Shear Love: Family Members Help Bring Urban Edge Cuts to Fruition

Jenny Rustad with her daughter, Lidiana, and her parents, Dan and Mary.

Jenny Rustad has had the dream of opening her own hair salon since she was a little girl, and now, 12 years after she started cutting hair, her ownership dreams are reality.

Urban Edge Cuts opened in White Bear Lake in December, and the family that was with her in those daydreaming years helped make it happen. Rustad’s parents moved to White Bear about a year and a half ago, and the family immediately had their eye on the corner of East County Road F and White Bear Avenue North as a potential salon spot. “My dad somehow kept talking to the landlord here and came to me and was telling me about it,” Rustad says. Talks with the landlord continued, and in October, they signed the lease. This was just the beginning of family involvement.

Rustad’s mom, dad, sister, three brothers, sister-in-law, several nieces and nephews, as well as Rustad’s 2-year-old daughter Lidiana, all contributed to the final version of Urban Edge Cuts. Her daughter was the push she needed to see it through. “I have to do this for her,” Rustad says. “So here I am, and it’s open and it’s still very surreal.”
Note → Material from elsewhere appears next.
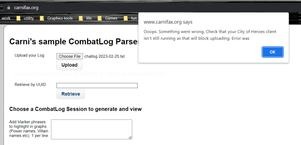 Nowadays when I load my chatlog, I get notices that I have to quit the CoH client, and I've already done that. Screenshot attached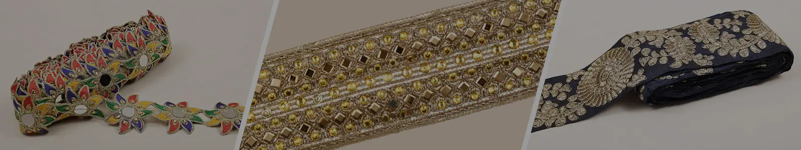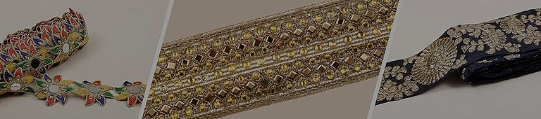 Adding the right laces to an Indian suit or saree blouse is sure to jazz the whole ensemble up. The velvet and silken strips in this section constitute typically Indian motifs such as tendrils and florals. From exquisite gold and silver zariworked motifs to studded faux pearls and crystals, these laces have been designed by hand to add personality to Indian dresses. Conveniently enough, there is a number of base colours to choose from, largely pastel shades to go with a wide variety of colours of the foundation garment.

In designing the salon, her family found inspiration wherever they could. Her mom, Mary, found an idea for a wall designed out of old pallets on Pinterest, and her dad, Dan, found all the oak pallets for free, next to his work building. He built the pallet wall in the salon, creating a rustic yet contemporary look.

One of her brothers and his wife took over the decoration. “They would pretty much tell my dad, ‘No, we should do it this way’… But I loved it all,” Rustad says. “It’s simple and fits everything.”

As part of the family theme, Rustad also had the family turn a back room into a kids’ room, complete with chalkboard paint on the walls, and toys and books to entertain the kids while Mom or Dad is at the salon. It was something Rustad, as a single mom, went out of her way to do. “We respect families,” she says. “Some moms can’t even go get their hair done because they have their kids.”

Dan Rustad says that part of the reason the family was so eager to help was because “we knew she’s good at what she does,” he says. “You can’t even talk to her when she’s cutting hair because she’s just [zoned in].”

The location, in a family neighborhood, had already been a hair salon, so all of the plumbing was set up for the extra sinks needed, saving a lot of time and money—time that helped them open the salon in a month and a half.

Stylist Sara Carlson rents a chair in the salon, and Rustad plans to rent out a few more. The salon offers color, haircuts, perms, styles and waxing—“pretty much everything you can do in a salon,” says Rustad.

Aside from the clear family ties, Urban Edge Cuts stands out as a salon catering to all. Men, women and families are comfortable here, both because of ambience and pricing. “My motto is that you don’t have to spend a fortune to look like a million,” Rustad says. “So that’s our thing. We’re inexpensive and still do a good job, and we’re doing the best job we can.”